Quantum Mechanics from General Relativity and the Quantum Friedmann Equation

TL;DR

This paper reveals a fundamental link between General Relativity and Quantum Mechanics by deriving a quantum cosmological equation from the Friedmann equation, demonstrating quantum effects on cosmic dynamics and singularity resolution.

Contribution

It introduces a quantum cosmological equation as a first-order WKB expansion of the Friedmann equation, connecting quantum effects with classical cosmology and black hole physics.

Findings

Quantum scale factor modifies cosmic evolution.

Resolves singularities at zero scale factor.

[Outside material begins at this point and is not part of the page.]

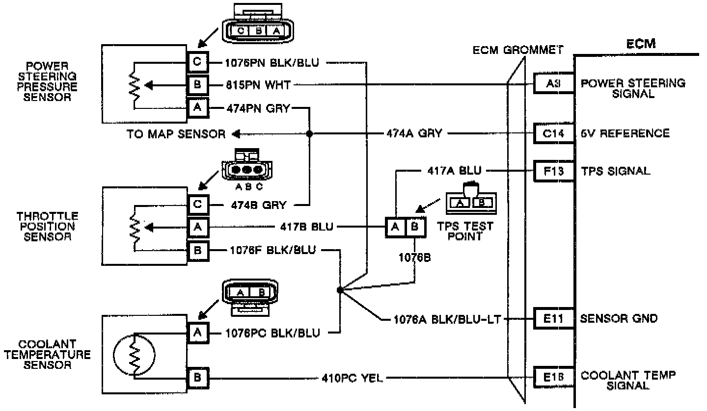 The coolant sensor is a thermistor, a sensor whose resistance varies with temperature. The coolant sensor is a "two wire" sensor with sensor signal on CKT 410 (pin B) to the ECM and sensor ground on CKT 476 (Pin A) to the ECM. As the temperature of the sensor increases, resistance decreases. As resistance decreases, the ECM sees less voltage drop across the sensor and interprets it as high coolant temperature. High coolant temperature will result in low signal voltage on CKT 410 and low coolant temperature results in high signal voltage on CKT 410. Code EO15 "Open Coolant Sensor" sets because the coolant temperature cannot be less than -38°C when MAT is greater than -5°C.

Duality with Seiberg-Witten black hole formulation.

Abstract

We demonstrate that the recently introduced linear equation, reformulating the first Friedmann equation, is the first-order WKB expansion of a quantum cosmological equation. This result shows a deeper underlying connection between General Relativity and Quantum Mechanics, pointing towards a unified framework. Solutions of this equation are built in terms of a scale factor encapsulating quantum effects on a free-falling particle. The quantum scale factor reshapes cosmic dynamics, resolving singularities at its vanishing points in several cases of interest. As an explicit example, we consider the radiation-dominated era and show that the quantum equation is dual to the one in Seiberg-Witten formulation, recently applied to black holes, and incorporates resurgence phenomena and complex metrics, as developed by Kontsevich, Segal, and Witten. This links to the invariance of time parametrization under $\Gamma(2)$ transformations of the dual wave function.